Адольф Лоос никогда не скрывал своего новаторства не только в архитектуре модернизма, но и в вестернизации. Он был убежден, что западная культура превосходит все остальные, и больше других склонен был отождествлять модернизм с вестернизацией. В своих теоретических трудах он упорно приводил теорию «войны цивилизаций», где каждая нация борется за место под солнцем – в эволюционной иерархии, рассуждая о разнице между белым человеком и чернокожим (папуасами в «Орнаменте и преступлении»), или в иерархической вестернизации, когда говорил о различиях внутри самой западной культуры, например между немцами и англичанами (в «Водопроводчиках»)[231]. К чести Лооса следует отметить, что он и папуасам, и европейцам рекомендовал один и тот же простой, гигиеничный и функциональный современный стиль.
В своей знаменитой статье «Орнамент и преступление» Лоос утверждает, что первобытный человек украшал себя орнаментом, чтобы отличаться от сородичей.

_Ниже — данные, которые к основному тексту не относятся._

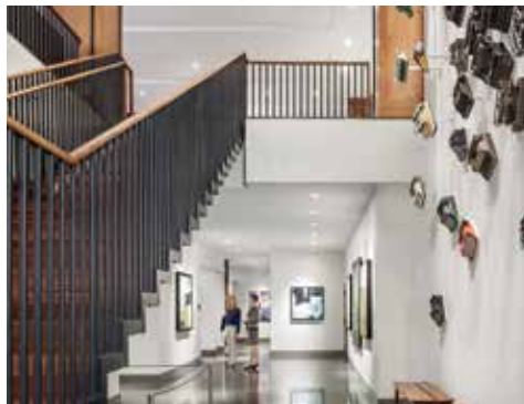
The Press Hotel, Portland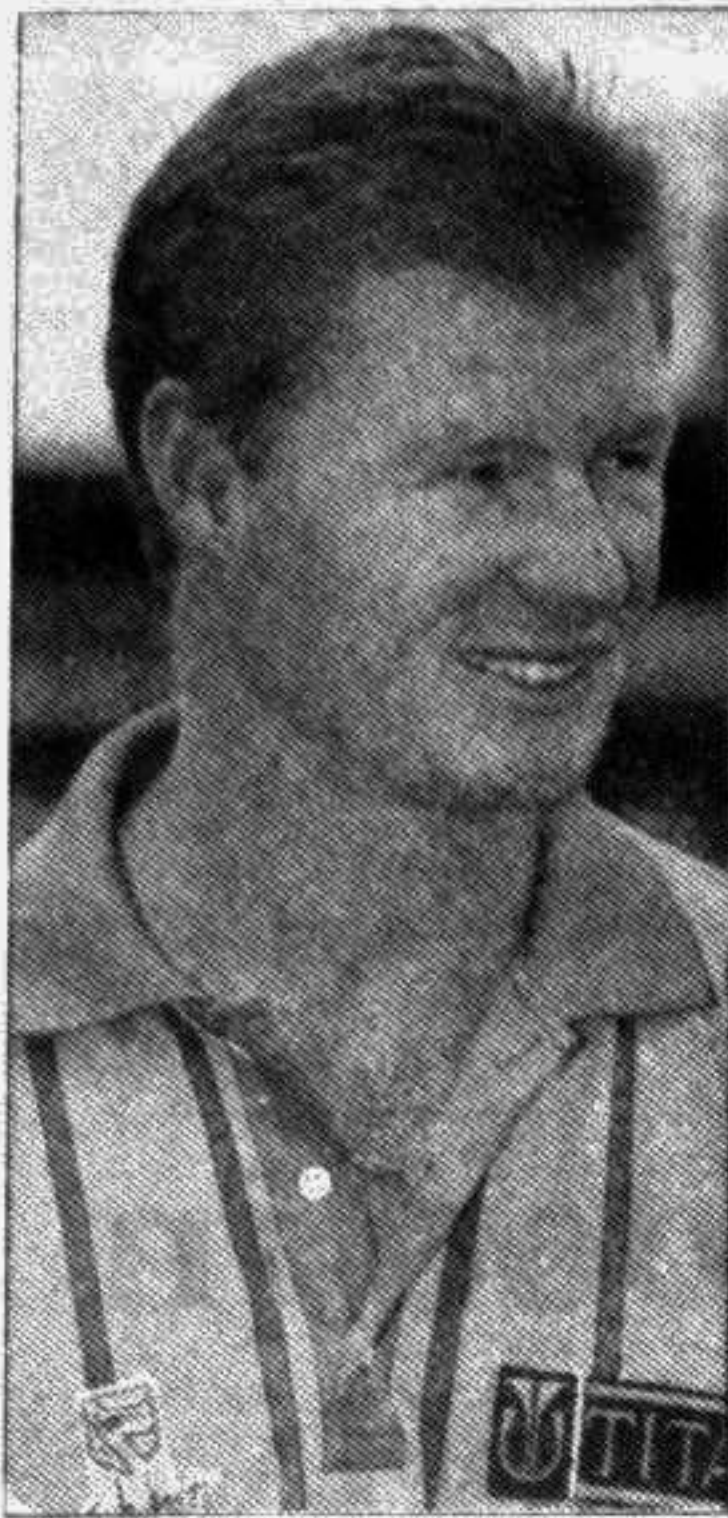
Lance Klusener (South African speedster) "I have battled pretty nicely in recent times. But I have not been quite consistent with the bat. So at the moment I am a bit of a bowler who can bat." (On whether he considers himself as an all-rounder)

✓ Tick the Correct Answers Competition closes : 8 pm Jan 31, '97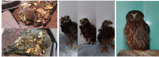
Image: A Ruru - before and after being caught in a Parapara Tree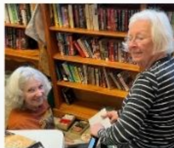
Get those books in shape ladies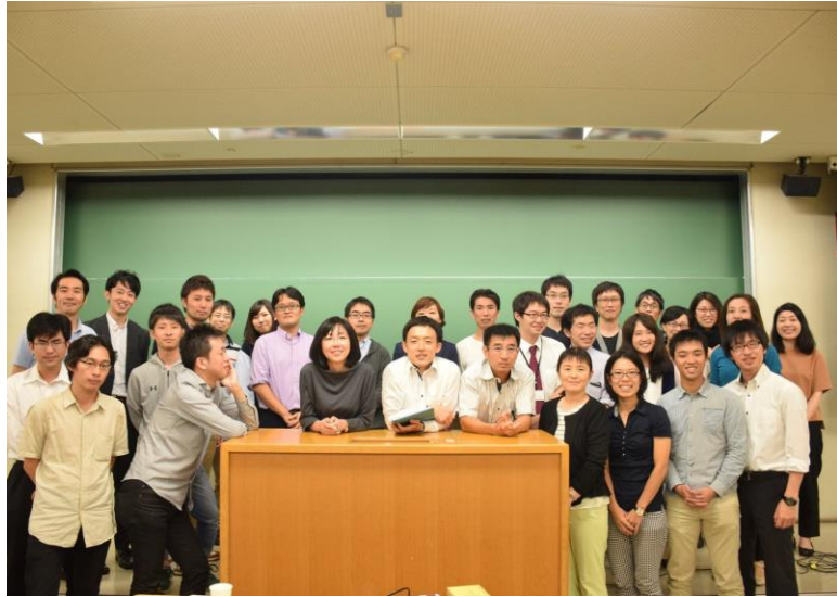
The 1 st JSLARF in 2017 (Tokyo)

An open community where second language researchers and practitioners meet and share our ideas.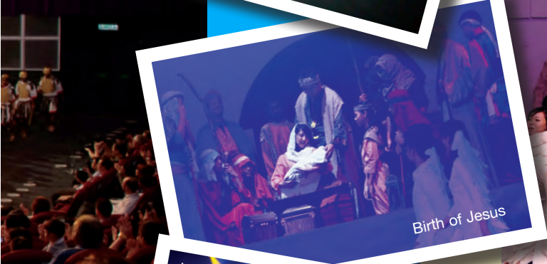
Birth of Jesus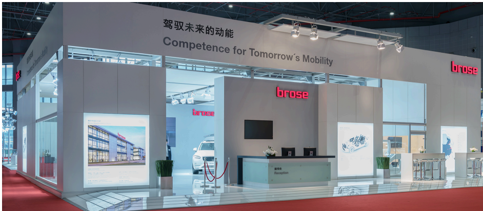
"Competence for Tomorrow's Mobility" is Brose's theme for Auto Shanghai 2017.

Shanghai (20. April 2017) Shanghai (20 April 2017). "Competence for Tomorrow's Mobility" is Brose's theme for the Auto Shanghai 2017. The technological leader in mechatronics for doors, seats and electric drives is showcasing developments and ideas that make driving safer, more comfortable and efficient in the future. A side door drive enables easier vehicle access and can also be controlled via a smartphone. With its fully electrified seat platform, the company is underscoring its vision of flexibly adaptable interiors. And the supplier is taking a step towards system expertise in drive train actuators with its electric oil pump. Regarding comfortable vehicle access Brose sets new standards: With its drive for side doors, the company is presenting a new modular solution for comfortable vehicle access. The innovation moves hinged doors electrically and offers optional control via mobile end devices. A capacitive anti-trap protection feature ensures the necessary level of safety when the door is being shut.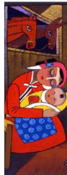
"Magi" by He Qi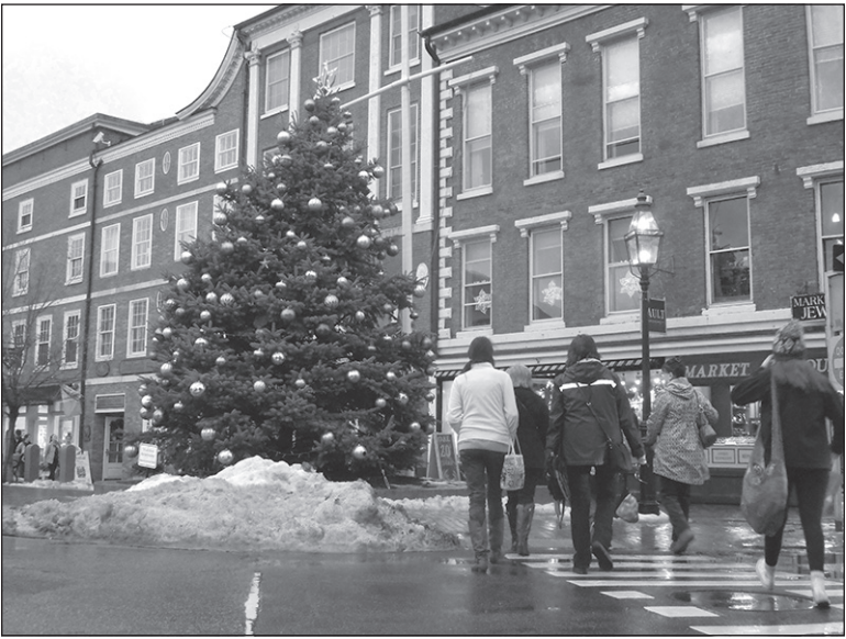
A few grimy snowbanks do not a White Christmas make, but the dutiful shoppers who trudged damp sidewalks last Sunday did have a listing tree to provide a subtle touch of comic relief.

ban, Luis Posada Carriles, who was born in Cienfuegos just 18 months after El Presidente . If there was any, we missed it.

Здесь же он поясняет, что его проповедь «обращена к аристократии» и сам он готов терпеть орнаментику там, где она уместна: в узорах «негра-кафра… перса, ткущего свой ковер, словацкой крестьянки, плетущей кружева», и даже в работе своего сапожника. Впрочем, при ближайшем рассмотрении становится ясно, что, в отличие от всех вышеперечисленных, стремящихся выделиться на фоне таких же, как они, аристократичный европеец стремится отличаться от них от всех. Лоос, сам европейский аристократ, обособившийся благодаря своей белизне, умудряется собрать в Вене представителей всех четырех сторон света.

Ил. 96. |«Алжир, Белый город». Туристический плакат французской железнодорожной компании. Из книги «Алжир: городской пейзаж и архитектура, 1800-2000» (Alger: paysage urbain с t architectures, 1800-2000), Іоставители Жан-Луи Коэн, Набиля Улебсир, Юсеф Канун.

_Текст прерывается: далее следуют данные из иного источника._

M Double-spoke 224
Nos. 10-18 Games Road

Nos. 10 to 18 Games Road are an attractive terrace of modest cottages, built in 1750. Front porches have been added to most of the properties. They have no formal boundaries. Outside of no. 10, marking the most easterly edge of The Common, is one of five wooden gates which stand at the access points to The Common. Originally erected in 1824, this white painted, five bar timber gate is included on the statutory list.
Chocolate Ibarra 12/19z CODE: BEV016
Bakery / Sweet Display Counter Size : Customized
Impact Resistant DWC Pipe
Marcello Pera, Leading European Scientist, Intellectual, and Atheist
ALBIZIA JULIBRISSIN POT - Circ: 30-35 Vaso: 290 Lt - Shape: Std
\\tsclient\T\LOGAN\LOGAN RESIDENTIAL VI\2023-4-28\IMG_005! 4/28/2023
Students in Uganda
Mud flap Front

Ил. 97. Примеры архитектуры интернационального стиля в Алжире. Из книги «Алжир: городской пейзаж и архитектура, 1800–2000» (Alger: paysage urbain et architectures, 1800–2000), составители Жан-Луи Коэн, Набиля Улебсир, Юсеф Канун.
Мис ван дер Роэ был директором Баухауса вплоть до его закрытия в 1933 году. Даже после ликвидации этого учебного заведения он пытался убедить нацистские власти в необходимости модернистского подхода в архитектуре и раз за разом подавал предложения к проектам, которые инициировал режим, и лишь после того как один за другим все его абстрактные идеи были отвергнуты, в 1935 году Мис ван дер Роэ уехал в США. В этом отношении он несколько отличается от других немецких интеллектуалов нееврейского происхождения, таких, например, как Томас Манн, который с отвращением эмигрировал из Германии сразу же, как только национал-социалисты пришли к власти. На это обратил внимание историк архитектуры Ричард Поммер. В своей статье «Мис ван дер Роэ и политическая идеология модерна в архитектуре»[232] он поставил пятно на политической белизне модернистской архитектуры, проанализировав поведение одного из ее лидеров:
«Политически Мис был Талейраном современной архитектуры: менее чем за десять лет он создал памятник Карлу Либкнехту и Розе Люксембург для Коммунистической партии, барселонский павильон для Веймарской республики и проект немецкого павильона для Всемирной выставки в Брюсселе в 1935 году, который, будь он построен, стал бы первым нацистским памятником международного значения»[233].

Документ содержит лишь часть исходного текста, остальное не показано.